As an exercise, transcribe the data below in full and exactly, omitting pictures.

===== Listed entries =====

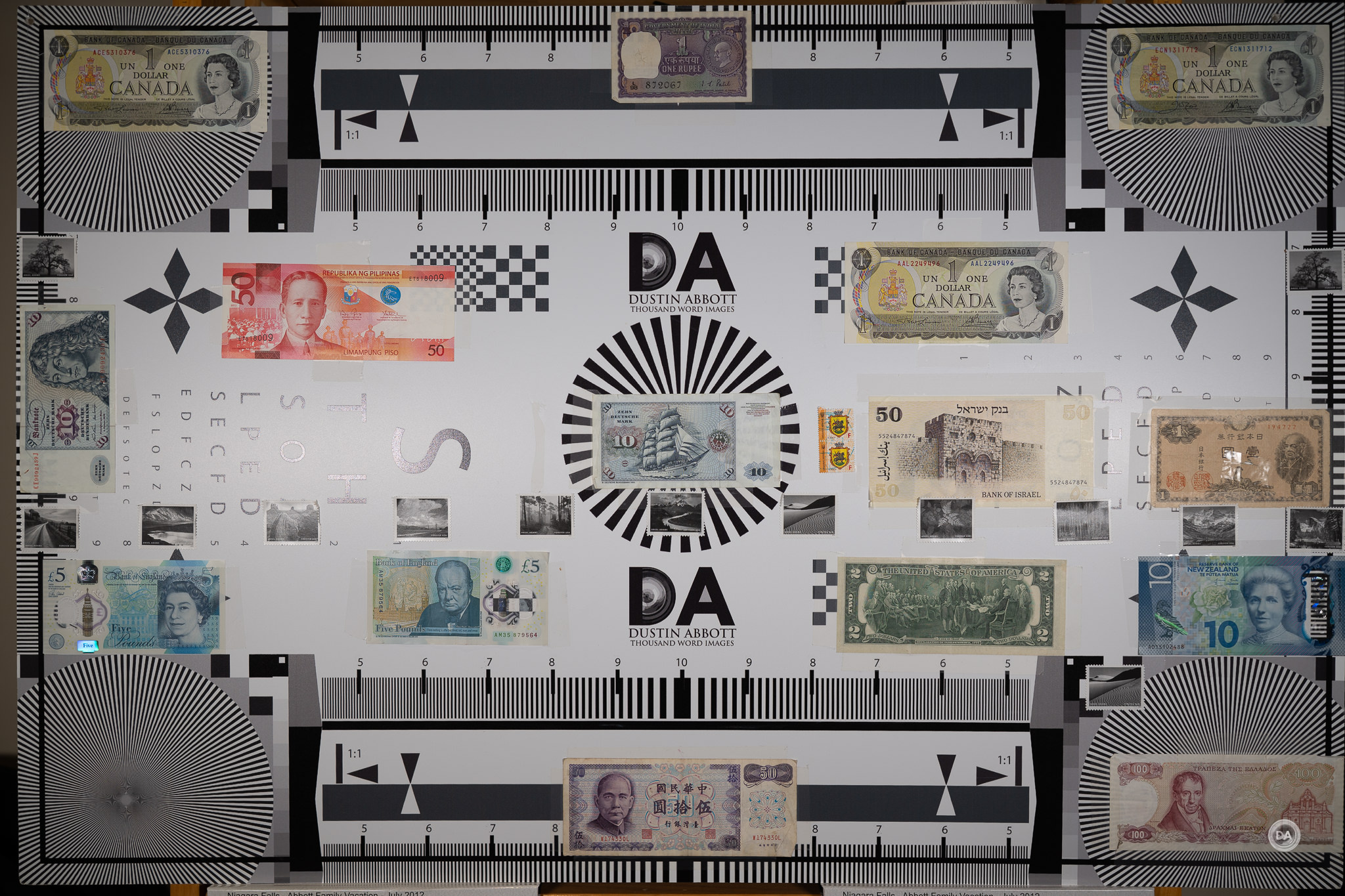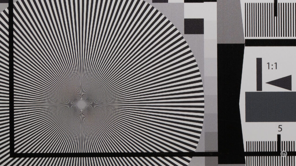 We’ll move on to inspecting our test chart. This test has been done on a 45MP Nikon Z8 sensor. I use a high end tripod and two second camera delay to ensure vibration doesn’t affect images. Here’s a look at the test chart that we will examine at high magnification:
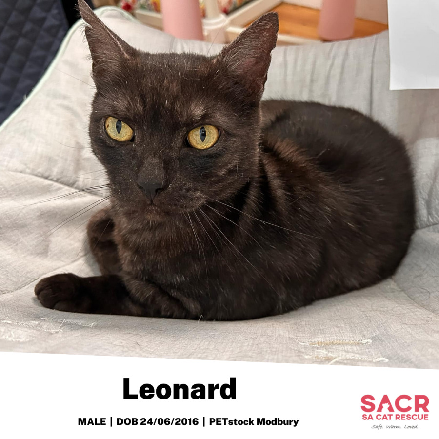 Now at a healthy 4.5kg after gaining 1.2kg while in foster care, Leonard has found stability and happiness, ready to bring joy - and a bit of comedic mischief - to his new family. If you're seeking a dashing fellow who loves with gusto and isn't afraid to express his opinions, Leonard invites you to share in his delightful escapades.
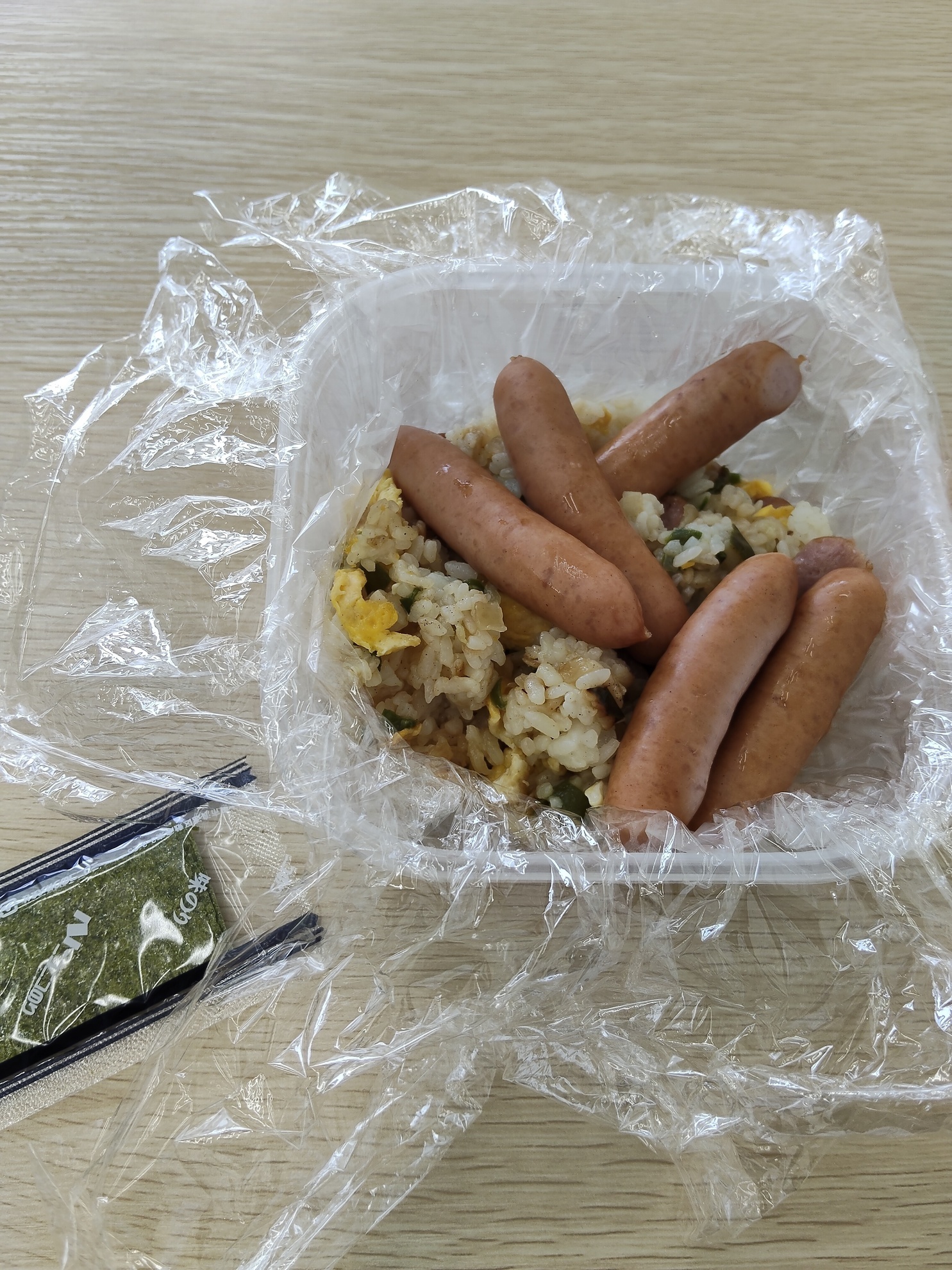 前日の夜ごはんで作ったチャーハンと、
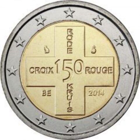В центре внутреннего диска изображён равносторонний крест с надписями: по горизонтальной перекладине на французском языке — «CROIX 150 ROUGE», по вертикальной на нидерландском — «RODE 150 KRUIS». В углах креста расположены знаки генерального директора монетного двора (Bernard Gillard, кошка) и самого монетного двора (голова ангела Михаила), обозначение государства-эмитента «BE» и год эмиссии монеты «2014».
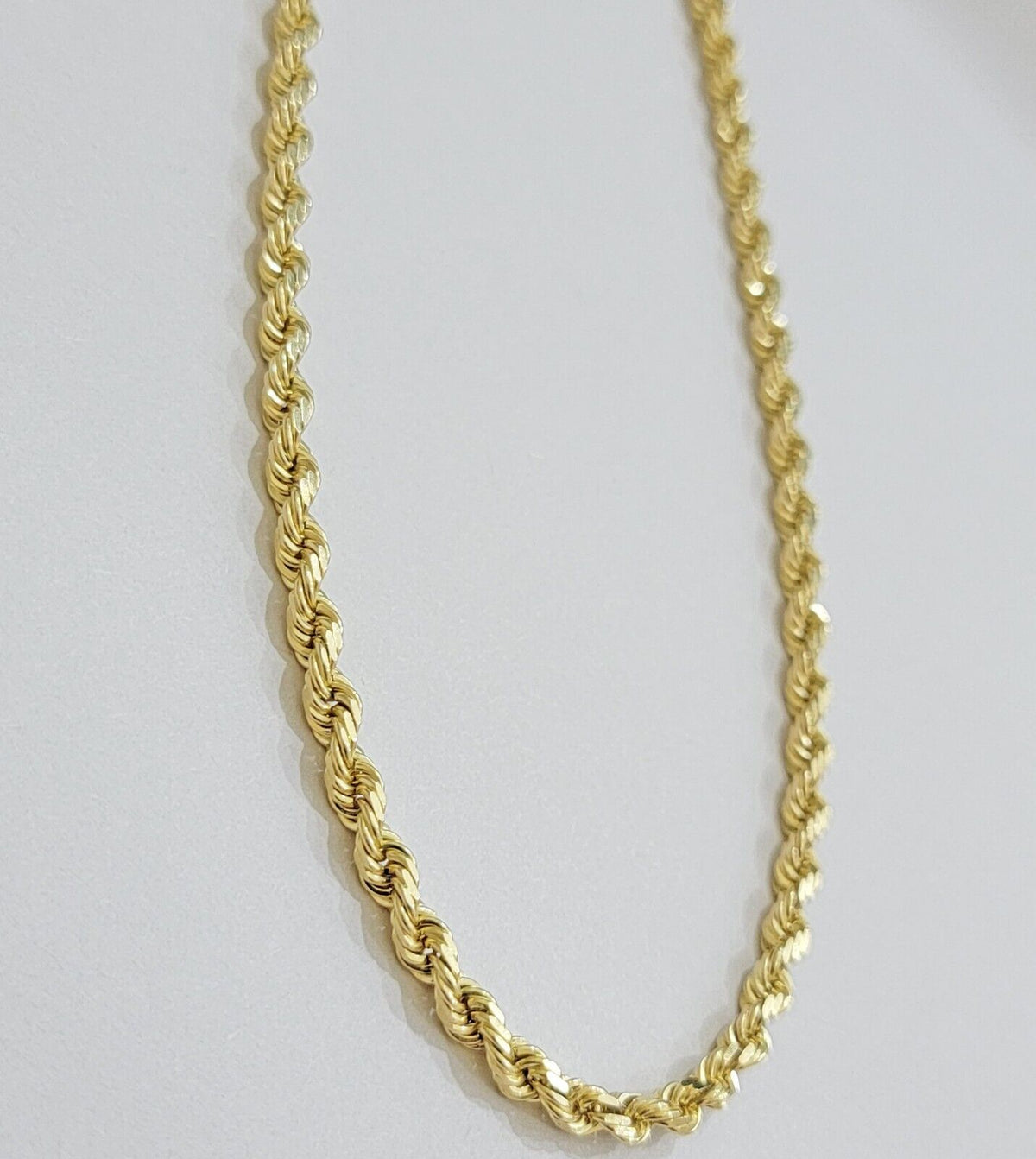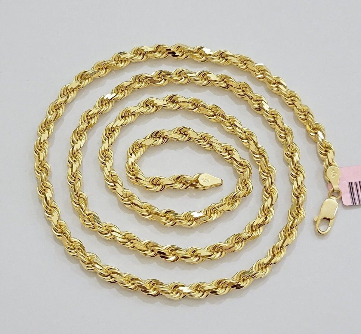 14k Yellow Gold Rope Chain Necklace 20 Inch 4mm Diamond Cut, Real 14kt SOLID
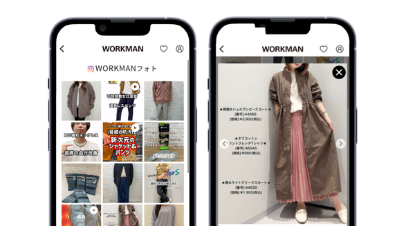 「WORKMANフォト」機能では、気になるコーディネートを選択すると、そのコーディネートで着用されているアイテムの一覧が表示され、各商品ページへスムーズに遷移できるようになっています。これにより、直感的かつ快適な購買体験が可能になりました。

=====

**Output below**
 We’ll move on to inspecting our test chart. This test has been done on a 45MP Nikon Z8 sensor. I use a high end tripod and two second camera delay to ensure vibration doesn’t affect images. Here’s a look at the test chart that we will examine at high magnification:
 Now at a healthy 4.5kg after gaining 1.2kg while in foster care, Leonard has found stability and happiness, ready to bring joy - and a bit of comedic mischief - to his new family. If you're seeking a dashing fellow who loves with gusto and isn't afraid to express his opinions, Leonard invites you to share in his delightful escapades.
 前日の夜ごはんで作ったチャーハンと、
В центре внутреннего диска изображён равносторонний крест с надписями: по горизонтальной перекладине на французском языке — «CROIX 150 ROUGE», по вертикальной на нидерландском — «RODE 150 KRUIS». В углах креста расположены знаки генерального директора монетного двора (Bernard Gillard, кошка) и самого монетного двора (голова ангела Михаила), обозначение государства-эмитента «BE» и год эмиссии монеты «2014».
 14k Yellow Gold Rope Chain Necklace 20 Inch 4mm Diamond Cut, Real 14kt SOLID
 「WORKMANフォト」機能では、気になるコーディネートを選択すると、そのコーディネートで着用されているアイテムの一覧が表示され、各商品ページへスムーズに遷移できるようになっています。これにより、直感的かつ快適な購買体験が可能になりました。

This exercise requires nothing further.